You may also like to enjoy the look of a film. Set in the high-powered worlds of Los Angeles’ business and legal professions, Fracture is so filled with fabulously photographed architecture and interior design that it sometimes becomes hard to keep your attention on the plot.

Which is useful, because if what you’re interested in is a sleekly written, cunningly plotted courtroom thriller, I’m afraid you’re out of luck.

Twenty years ago, the late Bob Clark, whose two best known movies—A Christmas Story and Porkys—encapsulate the almost ridiculously wide range of quality and subject matter that his career covered, made a nifty little legal comedy called From the Hip. (Well, I thought it was nifty, even though it was slammed mercilessly by reviewers at the time).

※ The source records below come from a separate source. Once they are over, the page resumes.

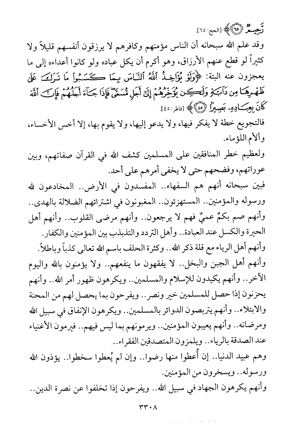 وأنهم أهل الجبن والبخل .. لا يفقهون ما ينفعهم .. ولا يؤمنون بالله واليوم الآخر .. وأنهم يكيدون للإسلام والمسلمين .. ويكرهون ظهور أمر الله .. وأنهم يحزنون إذا حصل للمسلمين خير ونصر .. ويفرحون بما يحصل لهم من المحنة والابتلاء .. وأنهم يتربصون الدوائر بالمسلمين .. ويكرهون الإنفاق في سبيل الله ومرضاته .. وأنهم يعيبون المؤمنين .. ويرمونهم بما ليس فيهم .. فيرمون الأغنياء عند الصدقة بالرياء .. ويلمزون المتصدقين الفقراء ..
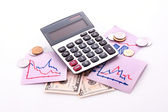 Zdjęcie "Kalkulator i dolarów na tle wykresu" może być wykorzystywane do celów osobistych i komercyjnych zgodnie z warunkami zakupionej licencji Royalty-free. Obraz jest dostępny do pobrania w jakości wysokiej rozdzielczości do 5760x3840.
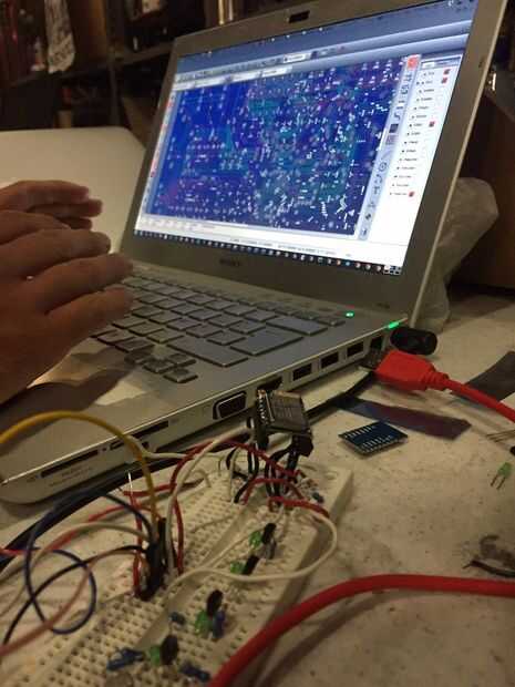 En muy poco tiempo, desarrolló un módulo wifi que tenían acelerómetros y sensores de tacto capacitivo construidos en y conduciría a los efectos de iluminación. Una de las partes difíciles de ser un proyecto con un calendario tan acelerado fue que no tenemos tiempo para tener una Junta de PCB personalizada hecha. Decidimos pare a los efectos del acelerómetro porque en el polvo, simple es mejor.

It starred Judd Nelson as a cocksure attorney who was manipulated by his client, John Hurt, an arrogant genius certain he could use his flaws to beat a murder count.

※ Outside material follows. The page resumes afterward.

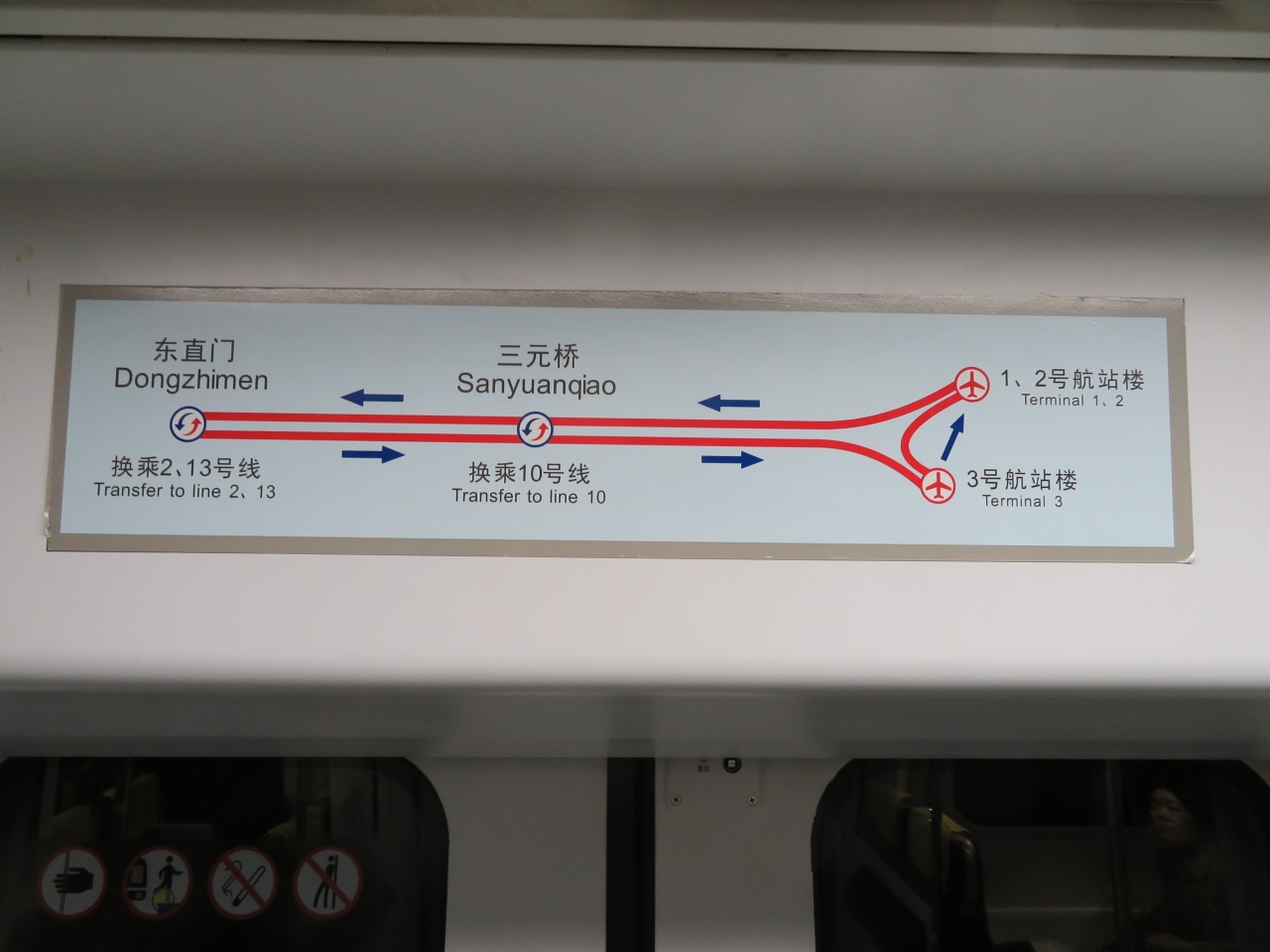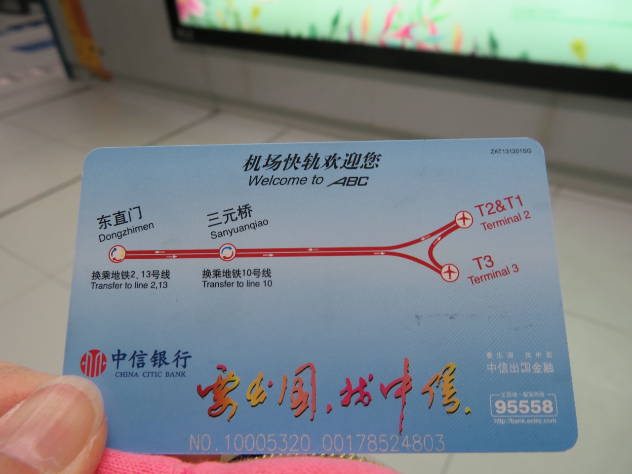 グレートウォールシェラトン北京ホテル最寄駅の農業展覧館駅から三元橋駅でエアポートエクスプレスに乗り換え。
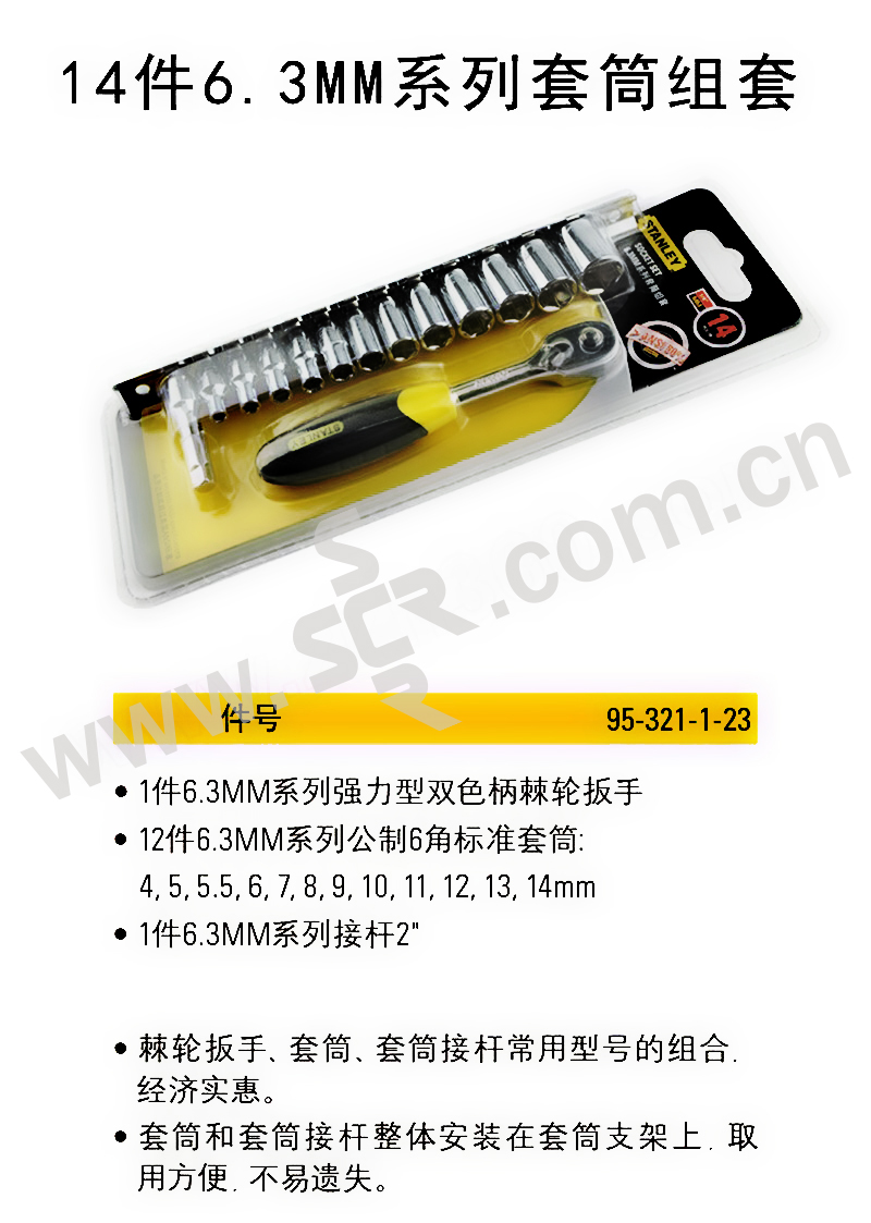 STANLEY/史丹利 6.3MM系列套筒套装 95-321-1-23 14件 4-14mm(塑架) 1套

As directed by Gregory Hoblit (Fallen), Fracture reminded me of that, except that the attorney and criminal are on opposite sides of the case and there are no laughs. Hopkins plays Ted Crawford, a brilliant engineer who plots a way to shoot his cheating wife and get away with it. Gosling is Willy Beachum, a young assistant district attorney who has just leveraged his immaculate trial record into a high-paying, private-sector job. He just has to get this open-and-shut case out of the way before he leaves.

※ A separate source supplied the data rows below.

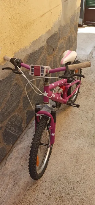 Bicicleta infantil de montaña (BTT) con ruedas de 20 pulgadas. Ideal para los más pequeños. - Color rosa con divertido diseño de estrellas blancas. - Suspensión delantera y trasera para mayor comodidad. - Sillín blanco y rosa. - Ruedines no incluidos.
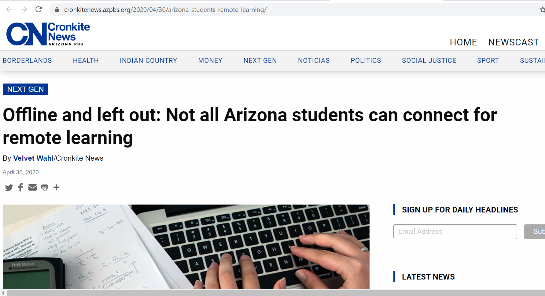 This article focuses specifically on Arizona's efforts to provide students with internet/technology access in order to achieve online learning. It goes into detail about how several Phoenix schools dealt with the pandemic and online learning in the spring semester of 2020 as well as discusses how some students dealt with internet access issues in creative ways, either due to lack of internet or hotspot issues. Some examples are utilizing hotspots or through just going to public areas despite quarantine conditions to complete schoolwork.
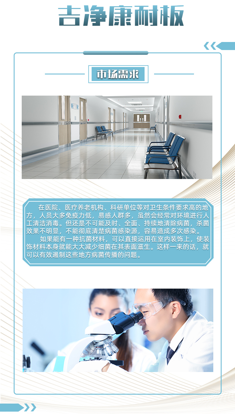 在醫(yī)院、醫(yī)療養(yǎng)老機(jī)構(gòu)、科研單位等對衛(wèi)生條件要求高的地方,人員大多免疫力低,易感人群多,雖然會(huì)經(jīng)常對環(huán)境進(jìn)行人工清潔消毒。但還是不可能及時(shí)、全面、持續(xù)地清除病菌,殺菌效果不明顯,不能徹底清楚病菌感染源,容易造成多次感染。如果能有一種抗菌材料,可以直接運(yùn)用在室內(nèi)裝飾上,使裝飾材料本身就能大大減少細(xì)菌在其表面滋生。這樣一來的話,就可以有效遏制這些地方病菌傳播的問題。
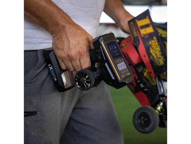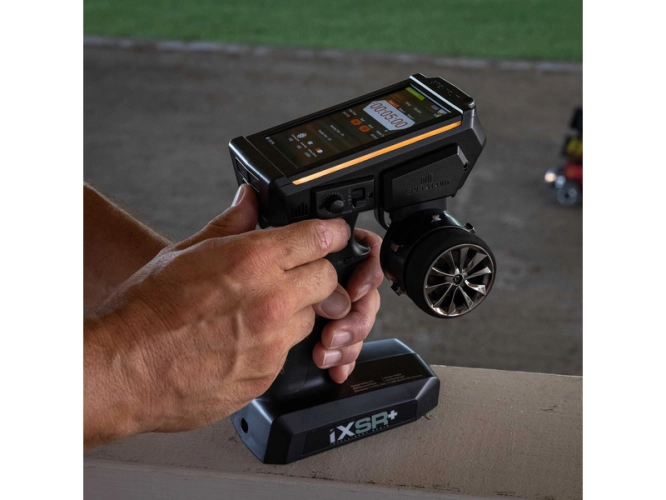 Vysílač iXSR+ je dokonalým důvtipným řešením pro RC auta, lodě a makety. 12 proporcionálních kanálů umožňuje řízení pokročilých funkcí modelů, např. osvětlení, převodovky, uzávěrek diferenciálů, samostatné řízení brzd, zatáčení zadních kol nebo oddělené řízení předních kol. Díky frekvenčně agilní technologii DSMR+ 2,4GHz a nově i STL můžete vysílač použít v různých typech modelů, včetně lodí. Jeho dosah a odezva, zejména v zatíženém prostředí 2,4GHz, jsou skvělé. Výhodou je intuitivní software, jednoduché programování pomocí dotykového displeje.
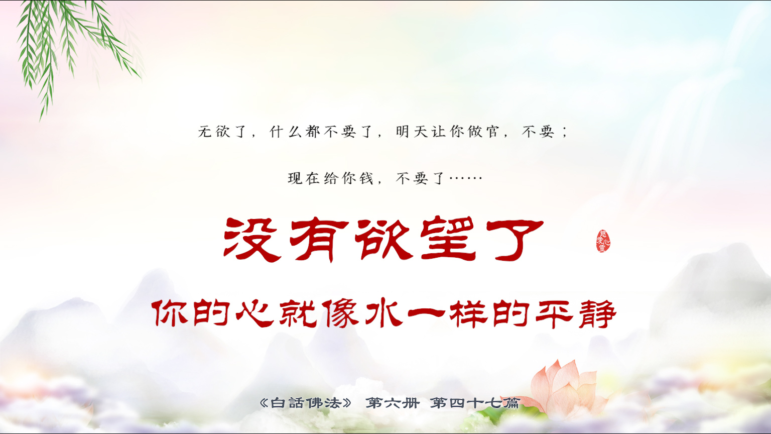 不限会员 6-47-22无欲了,什么都不要了,明天让你做官,不要;现在给你钱,不要了……没有欲望了,你的心就像水一样的平静。【图】
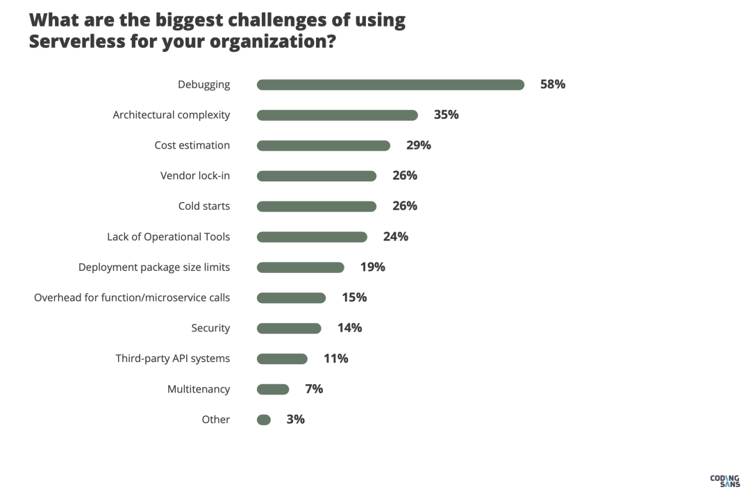 目前最大的难题是调试,这主要是由 Serverless 的架构复杂性所引起的。 而供应商之间的巨大差异也使得更换或者说迁移供应商变得非常得不偿失。

It is of course impossible to look at Hopkins dressed in prison garb and condescending ferociously to everyone around him and not think of Hannibal Lecter—especially when the character is an unflappably calm homicidal genius. The fact that we’ve seen Hopkins play this supercilious character often doesn’t make him any less entertaining. But it works against the film: Crawford begins with a certain amount of our sympathy after we watch his wife cuckolding him, and against our better judgement we root for him to win. At the same time, Gosling’s hotshot lawyer is so smug and successful (a success apparently based more on personal charisma than legal ability) that we root against him, though I don’t think that was intended. When the movie ends the way it must (I can’t possibly be spoiling anything for anyone there), it’s rather disappointing.

But then, by the time the end comes the plot has disappointed us in so many other ways that it hardly matters any more. The title comes from a remark made by Crawford early on about his engineering specialty: “Look closely enough, you’ll find everything has a spot where it can break sooner or later.” You don’t have to look closely at all to find those spots in this plot. Not to give anything away, but it leans impossibly hard on events that could not reasonably be predicted and actions that rational people would not take. Nor are its holes confined to the legal aspect: It exists in a preposterous time frame (the case seems to proceed from crime to trial in the space of a week), and includes an unbelievable sexual subplot (a phrase that is in this case even less redundant than usual).

As for the legal technicality on which the ending rests, I’ll leave it to the lawyers in the audience to decide whether it passes muster. Normally you would give a film the benefit of the doubt and assume that the screenwriters did their homework on something like that, but given the shoddiness of their work up to this point, I’m not taking anything for granted.